This is the most important paragraph:

"I think the path forward is finding a way to tolerate this gray zone and accommodate it without simply shutting women out professionally. So I really do not think these shit shows help women break into business. I think they just reinforce the current paradigm where the people in power -- mostly men -- have reason to err on the side of shutting women out in order to protect themselves from potential scandal or accusations or similar."

This is a very complicated issue, but I don't think we are well-served by slandering one another on social media rather than having a reasoned discussion. Unfortunately the claims made in the current debacle are not permitting a reasoned discussion, either by mistake or design, which is incredibly frustrating.



Yep. 100% right. I like your generalisation of the original statement in that the gray zone is defined by obvious mutual romantic incompatibility. For example, a heterosexual man also can help a heterosexual woman in a total professional non-romantic way if he doesn't find her attractive.


Where I am really surprised is that you have a lot of issues like that in the computer/programming world (see related issues in conferences) where, we do not have these problems in other engineering areas. I am is bio/chemical engineering, working with women in basically all the fields from very men dominated domains (oil and gas, auto industry) to mixed (pharma/food industry), the only case I know of issues was in the army provider area. This is where I am surprised, please note that my contacts are mainly in Europe.

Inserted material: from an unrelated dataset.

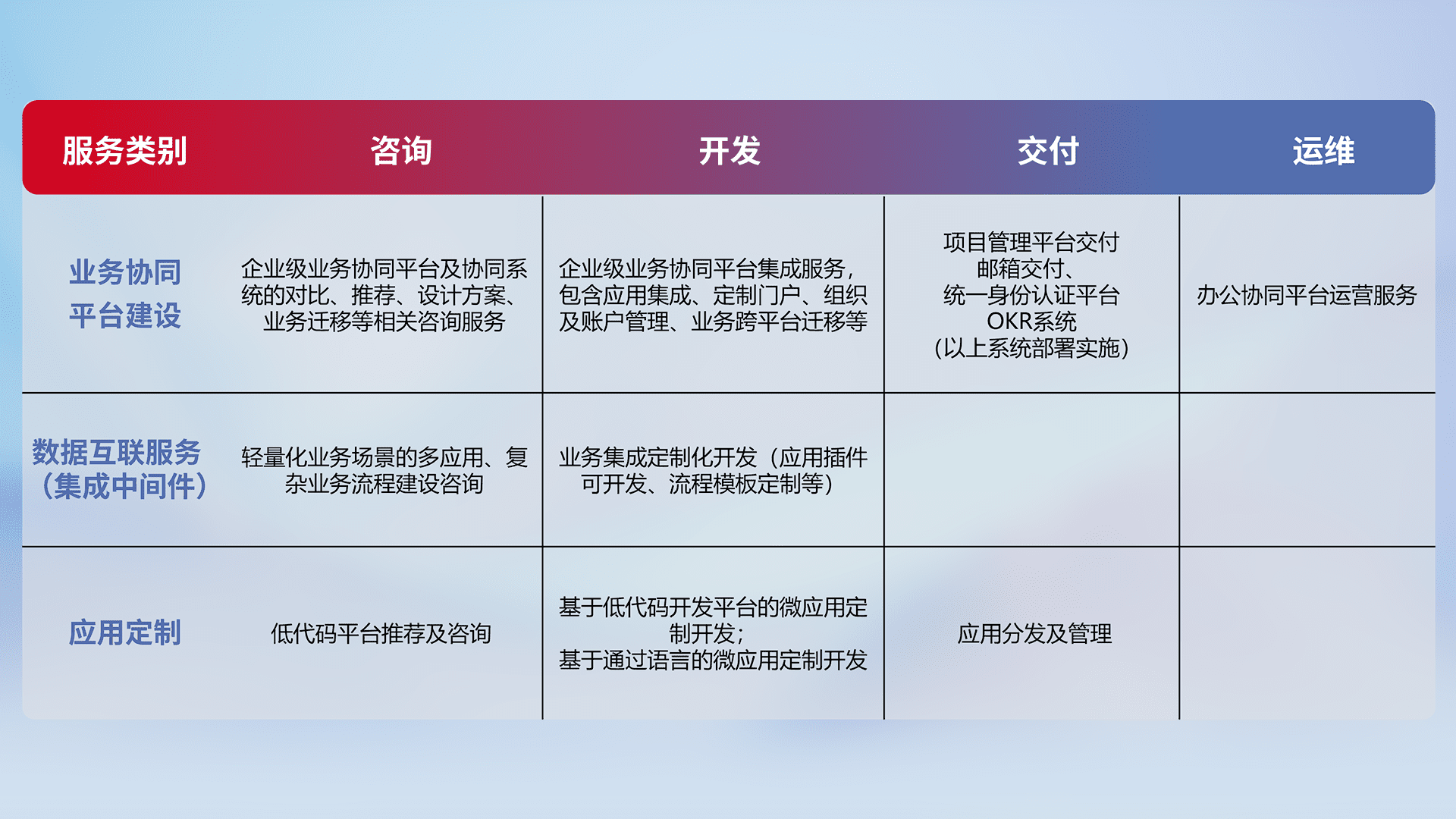 针对钉钉、、企微、、、、IDaas等平台级产品提供产品的规划、、、、方案、、、交付、、、定制化开发等服务,,,实现如统一协同办公、、智能客户服务、、、混合会议管理、、、智能数据查询、、、等业务场景,,,实现数字化转型。。

Maybe another question could be why these issues are endemic to the computer/programming world? Is it because all the other industries are pretty conservative? We have families and kids when we go home and we are not supposed to kill our social life by working insane hours to "ship". I have no answers, but I am happy to be in a field where I can work with men and women without these sexism issues.


I'd say it's not even that common in the programming world either. But the internet collects cases from all over the world, and the programming sites blow them out of proportion (is there a Hacker News for bio chemical engineering?).

There are sites that try to list all such incidents. If you compare them to the number of people and companies in the field, you realize not that much is actually happening...

I think feminists have also set a special sight on programming. I suspect it is because it is one of the few engineering jobs that seem compatible with women. Sorry for the stereotypes - I don't speak for all women, but consider that with programming you don't get oil on your clothes, you don't have to walk through mud all day, etc. That's why feminists think women should have more part in programming (at least it's a theory...).


Romantic and/or sexual.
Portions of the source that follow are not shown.